There was little time and not much inclination for trained and training nurses to become involved in a deep analysis of the nursing condition. They knew they were exploited but accepted it as a precondition to professional status. The reward for becoming a registered nurse was a specialised education and an acknowledgement of their special skills in a society where women were relegated to an auxiliary role of helpers not leaders. Most of all they could choose to work or marry. The nursing certificate was a kind of life insurance.

The principal motivation for enduring any kind of nursing course had to be and still is a conscious desire to alleviate suffering humanity. This remains the energy that fuels the nursing profession.

The 1988 celebrations that marked the 200th Anniversary of the British colonisation of Australia were marred by the announced intention of the Minister for Health in the new Liberal Country Party Government, to close Prince Henry and relocate its facilities into a new super hospital to be built at the Prince of Wales Randwick. This would be partly financed by the sale of Prince Henry’s public-owned coastal land at Little Bay. 

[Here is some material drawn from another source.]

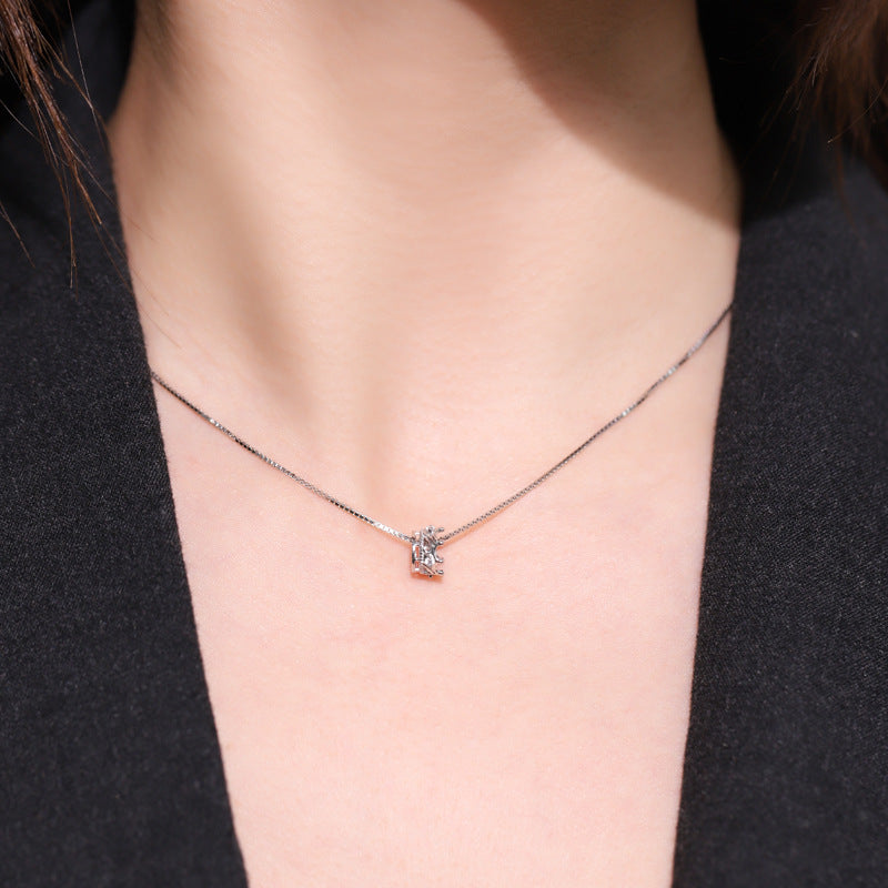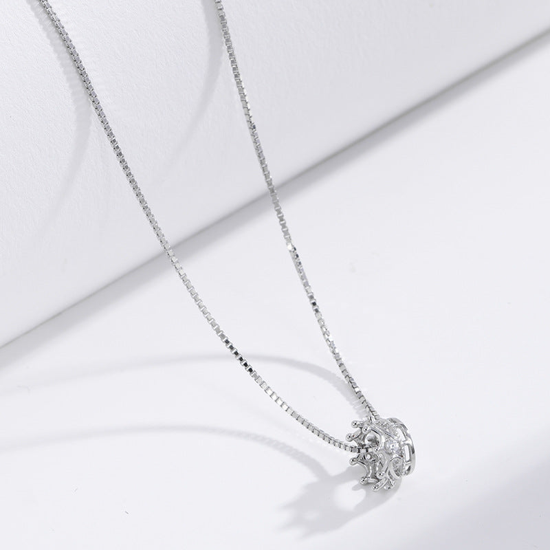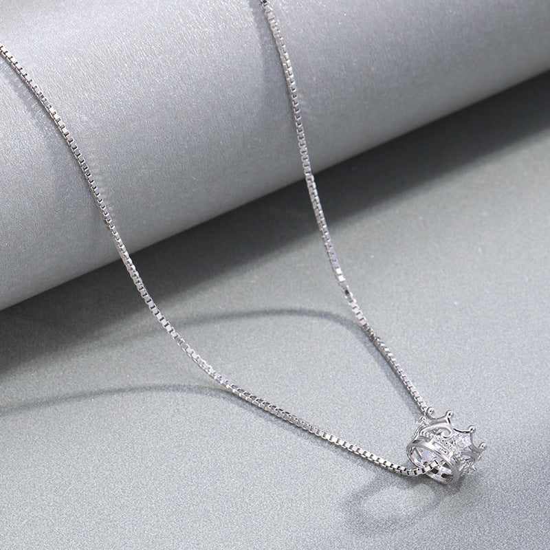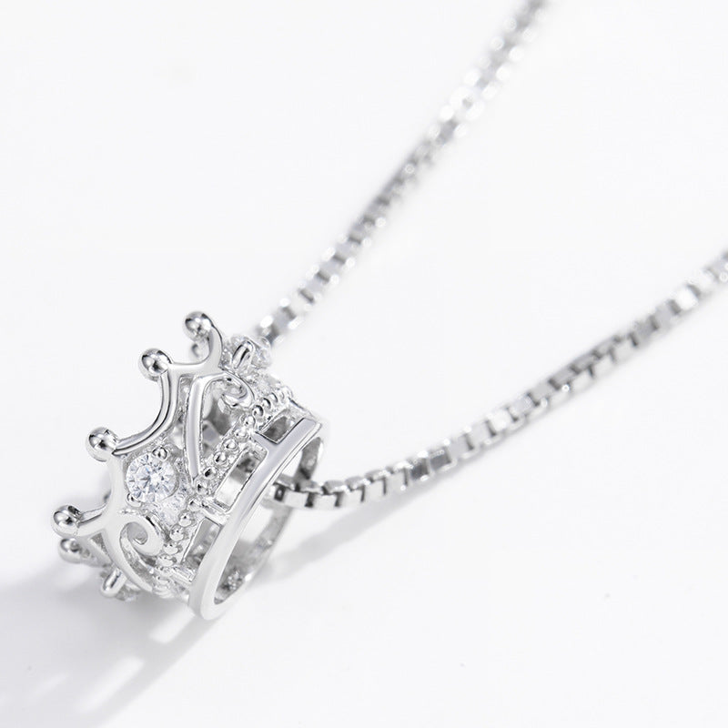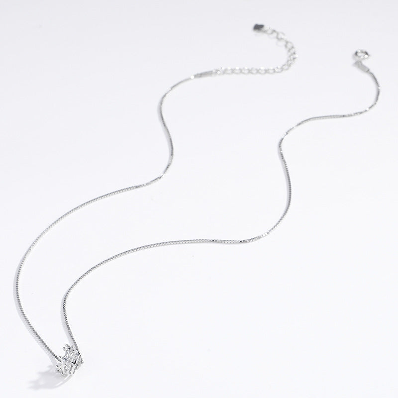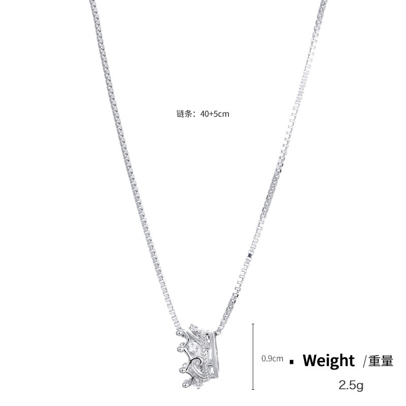 NSN01153通體純銀鑲鋯精致鎖骨鏈女式夏季百搭簡約氣質皇冠吊墜項鏈kj202105

At the time the 106 year old medical institution was functioning as a leading six level Referral Hospital with recognised world class departments which included Urology, Cardiology, Neurology, Neurosurgery and Spinal Injuries. Among other special facilities were a Cardiac Catheterization Laboratory and the multimillion dollar Lithotripsy Centre containing the advanced technological apparatus known as the Lithotripter. This apparatus smashes kidney stones with ultra sound waves while the patient relaxes in a large tub of warm water, often eliminating the need for surgical intervention and prolonged pain for many sufferers. The Hyperbaric Unit’s usefulness was extending far beyond its use as a decompression chamber for divers with the “bends” e.g research into high pressure oxygen in vascular lesions in the spinal cord had been in progress since 1976 

Prince Henry was ideally located for an air ambulance service. A heliport at Little Bay was located south of the Doctor’s Quarters, although helicopters also use the oval in front of the “good as new” 1890 cottages, one of which is now an operational centre and pilots’ mess of the Air, Sea Rescue Unit, next to the new Accident and Emergency Centre.  

The Infectious Division in the Marks Pavilion was responding to the demands of the growing number of Acquired Immune Deficiency Syndrome (A.I.D.S) victims and other infections, such as Hepatitis and Tuberculous. 

Prince Henry was still a nurses’ training school where graduates from the colleges receive their workface experience and it also provided a two year training course for university graduates with appropriate degrees to qualify as registered nurses. 

In short the hospital was busy with patient care. 

In September 1988 Mr Collins announced that P.H.H. would be closed and its facilities relocated into a tower block to be erected in a super hospital to be built on the P.O.W. site and Prince Henry state-owned coastal land would be sold. 

The Minister’s announcement… was as shocking as it was unexpected. None of the Executive Nursing Staff at P.H.H. had been forewarned. The Minister made his announcement in a speech at a breakfast session of the Institute of Nursing Administrators of N.S.W. and A.C.T. conference held at Prince Henry, chaired and hosted by an astounded Mrs Joan Englert, Director of Nursing at Prince Henry. The Minister, the Hon. Peter Collins, was unaware that Mrs Englert had not been informed by the administering Board, the Eastern Sydney Area Health Service, which he claimed had advised and recommended the closure and relocation of Prince Henry and the sale of its land. Joan Englert’s reserves of self-control were severely strained as she efficiently conducted the remainder of the session.